Records drawn from a dataset

*** Block opens ***

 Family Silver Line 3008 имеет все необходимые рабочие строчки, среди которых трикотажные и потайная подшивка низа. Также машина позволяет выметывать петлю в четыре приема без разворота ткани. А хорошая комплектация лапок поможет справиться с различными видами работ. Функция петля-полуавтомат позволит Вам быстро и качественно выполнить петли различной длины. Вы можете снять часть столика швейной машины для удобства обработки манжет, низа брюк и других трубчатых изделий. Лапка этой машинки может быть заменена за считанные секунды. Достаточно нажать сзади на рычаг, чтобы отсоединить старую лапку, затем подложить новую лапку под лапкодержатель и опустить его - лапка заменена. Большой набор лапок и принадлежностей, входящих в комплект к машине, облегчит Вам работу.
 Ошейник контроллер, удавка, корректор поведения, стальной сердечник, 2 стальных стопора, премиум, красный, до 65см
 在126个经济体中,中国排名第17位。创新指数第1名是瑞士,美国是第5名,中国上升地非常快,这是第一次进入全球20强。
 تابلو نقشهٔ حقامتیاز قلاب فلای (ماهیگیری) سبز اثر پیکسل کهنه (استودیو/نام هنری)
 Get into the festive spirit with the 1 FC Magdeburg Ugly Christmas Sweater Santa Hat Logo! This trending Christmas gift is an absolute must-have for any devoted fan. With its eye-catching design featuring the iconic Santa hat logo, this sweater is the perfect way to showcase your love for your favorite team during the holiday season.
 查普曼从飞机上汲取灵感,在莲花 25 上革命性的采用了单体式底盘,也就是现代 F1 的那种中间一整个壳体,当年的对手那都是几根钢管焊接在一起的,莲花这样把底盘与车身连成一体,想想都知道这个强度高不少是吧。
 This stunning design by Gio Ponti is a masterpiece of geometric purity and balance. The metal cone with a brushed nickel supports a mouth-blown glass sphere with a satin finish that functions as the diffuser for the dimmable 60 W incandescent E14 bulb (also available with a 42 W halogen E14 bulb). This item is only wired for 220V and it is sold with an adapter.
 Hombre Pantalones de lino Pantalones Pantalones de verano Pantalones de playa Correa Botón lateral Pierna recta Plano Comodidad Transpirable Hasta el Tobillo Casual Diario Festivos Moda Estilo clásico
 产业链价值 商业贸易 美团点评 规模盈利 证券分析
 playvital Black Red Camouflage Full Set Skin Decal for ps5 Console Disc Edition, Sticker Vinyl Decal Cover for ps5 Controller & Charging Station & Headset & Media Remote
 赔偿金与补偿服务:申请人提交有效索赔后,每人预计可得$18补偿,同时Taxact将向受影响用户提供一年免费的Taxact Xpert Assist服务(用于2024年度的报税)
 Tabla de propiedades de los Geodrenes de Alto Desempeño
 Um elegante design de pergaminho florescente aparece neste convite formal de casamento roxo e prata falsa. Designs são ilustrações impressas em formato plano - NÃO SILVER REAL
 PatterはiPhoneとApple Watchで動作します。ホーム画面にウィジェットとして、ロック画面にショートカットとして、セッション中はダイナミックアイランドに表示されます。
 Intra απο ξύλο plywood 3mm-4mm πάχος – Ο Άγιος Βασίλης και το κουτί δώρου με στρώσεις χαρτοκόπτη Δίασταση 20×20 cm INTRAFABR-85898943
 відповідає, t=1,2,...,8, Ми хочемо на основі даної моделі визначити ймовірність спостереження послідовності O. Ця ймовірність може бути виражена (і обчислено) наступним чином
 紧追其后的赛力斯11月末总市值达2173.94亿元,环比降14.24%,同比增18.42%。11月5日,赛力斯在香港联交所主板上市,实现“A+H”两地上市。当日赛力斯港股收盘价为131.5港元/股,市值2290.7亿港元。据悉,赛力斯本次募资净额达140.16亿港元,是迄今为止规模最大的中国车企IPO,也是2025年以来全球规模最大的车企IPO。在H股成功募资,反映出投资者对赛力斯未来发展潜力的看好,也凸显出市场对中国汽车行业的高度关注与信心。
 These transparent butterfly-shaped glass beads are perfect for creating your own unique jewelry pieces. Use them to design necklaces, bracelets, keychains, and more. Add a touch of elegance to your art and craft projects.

*** Block closes ***

TASK TO COMPLETE: Your answer must be the full set of records above, reproduced exactly.

OUTPUT BELOW:
 Family Silver Line 3008 имеет все необходимые рабочие строчки, среди которых трикотажные и потайная подшивка низа. Также машина позволяет выметывать петлю в четыре приема без разворота ткани. А хорошая комплектация лапок поможет справиться с различными видами работ. Функция петля-полуавтомат позволит Вам быстро и качественно выполнить петли различной длины. Вы можете снять часть столика швейной машины для удобства обработки манжет, низа брюк и других трубчатых изделий. Лапка этой машинки может быть заменена за считанные секунды. Достаточно нажать сзади на рычаг, чтобы отсоединить старую лапку, затем подложить новую лапку под лапкодержатель и опустить его - лапка заменена. Большой набор лапок и принадлежностей, входящих в комплект к машине, облегчит Вам работу.
 Ошейник контроллер, удавка, корректор поведения, стальной сердечник, 2 стальных стопора, премиум, красный, до 65см
 在126个经济体中,中国排名第17位。创新指数第1名是瑞士,美国是第5名,中国上升地非常快,这是第一次进入全球20强。
 تابلو نقشهٔ حقامتیاز قلاب فلای (ماهیگیری) سبز اثر پیکسل کهنه (استودیو/نام هنری)
 Get into the festive spirit with the 1 FC Magdeburg Ugly Christmas Sweater Santa Hat Logo! This trending Christmas gift is an absolute must-have for any devoted fan. With its eye-catching design featuring the iconic Santa hat logo, this sweater is the perfect way to showcase your love for your favorite team during the holiday season.
 查普曼从飞机上汲取灵感,在莲花 25 上革命性的采用了单体式底盘,也就是现代 F1 的那种中间一整个壳体,当年的对手那都是几根钢管焊接在一起的,莲花这样把底盘与车身连成一体,想想都知道这个强度高不少是吧。
 This stunning design by Gio Ponti is a masterpiece of geometric purity and balance. The metal cone with a brushed nickel supports a mouth-blown glass sphere with a satin finish that functions as the diffuser for the dimmable 60 W incandescent E14 bulb (also available with a 42 W halogen E14 bulb). This item is only wired for 220V and it is sold with an adapter.
 Hombre Pantalones de lino Pantalones Pantalones de verano Pantalones de playa Correa Botón lateral Pierna recta Plano Comodidad Transpirable Hasta el Tobillo Casual Diario Festivos Moda Estilo clásico
 产业链价值 商业贸易 美团点评 规模盈利 证券分析
 playvital Black Red Camouflage Full Set Skin Decal for ps5 Console Disc Edition, Sticker Vinyl Decal Cover for ps5 Controller & Charging Station & Headset & Media Remote
 赔偿金与补偿服务:申请人提交有效索赔后,每人预计可得$18补偿,同时Taxact将向受影响用户提供一年免费的Taxact Xpert Assist服务(用于2024年度的报税)
 Tabla de propiedades de los Geodrenes de Alto Desempeño
 Um elegante design de pergaminho florescente aparece neste convite formal de casamento roxo e prata falsa. Designs são ilustrações impressas em formato plano - NÃO SILVER REAL
 PatterはiPhoneとApple Watchで動作します。ホーム画面にウィジェットとして、ロック画面にショートカットとして、セッション中はダイナミックアイランドに表示されます。
 Intra απο ξύλο plywood 3mm-4mm πάχος – Ο Άγιος Βασίλης και το κουτί δώρου με στρώσεις χαρτοκόπτη Δίασταση 20×20 cm INTRAFABR-85898943
 відповідає, t=1,2,...,8, Ми хочемо на основі даної моделі визначити ймовірність спостереження послідовності O. Ця ймовірність може бути виражена (і обчислено) наступним чином
 紧追其后的赛力斯11月末总市值达2173.94亿元,环比降14.24%,同比增18.42%。11月5日,赛力斯在香港联交所主板上市,实现“A+H”两地上市。当日赛力斯港股收盘价为131.5港元/股,市值2290.7亿港元。据悉,赛力斯本次募资净额达140.16亿港元,是迄今为止规模最大的中国车企IPO,也是2025年以来全球规模最大的车企IPO。在H股成功募资,反映出投资者对赛力斯未来发展潜力的看好,也凸显出市场对中国汽车行业的高度关注与信心。
 These transparent butterfly-shaped glass beads are perfect for creating your own unique jewelry pieces. Use them to design necklaces, bracelets, keychains, and more. Add a touch of elegance to your art and craft projects.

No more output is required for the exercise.